このループで sRoute[ ] を作成するのですが、 sRoute[ ] は「目的地点から出発地点の順に設定する」と引数の仕様に書いてありますので、まずは sRoute[0] に 目的地点を意味する i をいれます。

sRoute[ ] :最短経路
[0] [1] [2] [3] [4] [5] [6]
6 -1 -1 -1 -1 -1 -1

よって空欄cはキになります。

行番号45。
次の地点に移動するため i を pRoute[ i ] に変更します。

j pRoute[ i ] i
0 5 6 5

よって空欄dはイになります。

行番号46。
j はループ処理するための軸に使っている意味のない変数です。
プラス1します。

j pRoute[ i ] i
0 5 6 5
1

以上の処理を出発地点まで繰り返すと以下のようになります。

sRoute[ ] :最短経路
[0] [1] [2] [3] [4] [5] [6]
6 5 2 4 1 -1 -1

j pRoute[ i ] i
0 5 6 5
1 2 5 2
2 4 2 4
3 1 4 1
4 0 1 0
5

行番号48。
最後です。
sRoute[ j ] に sp をいれます。

sRoute[ ] :最短経路
[0] [1] [2] [3] [4] [5] [6]
6 5 2 4 1 0 -1

感想

さてこの問題、35分で解くことができるでしょうか?
私はこの原稿を作るのに12時間以上かかりました。
問題に関係ないところまで完全トレースを試みましたが、申し訳ありませんが途中で断念いたしました。

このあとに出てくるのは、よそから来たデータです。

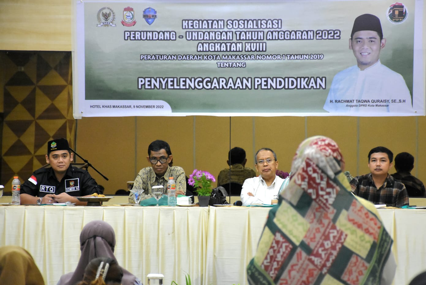 MAKASSAR, DATAKITA.CO – Anggota DPRD Kota Makassar, Rachmat Taqwa Quraisy (RTQ) menekankan kepada orangtua agar terus memperhatikan pendidikan anaknya. Terkhusus asupan didikan dari mereka di dalam keluarga.

断言できますが、この問題は絶対に時間内に解くことはできません。
完答できるのは、同種のアルゴリズムを以前に見聞きしたことがある人だけだと思います。

通常の問題でしたら、66%正解を目指したいところですが、この問題は半分答えられれば御の字といったところでしょう。
全部できなくても全く気にする必要はありません。
あなたができない問題は、周りの人たちもみんなできていないのです。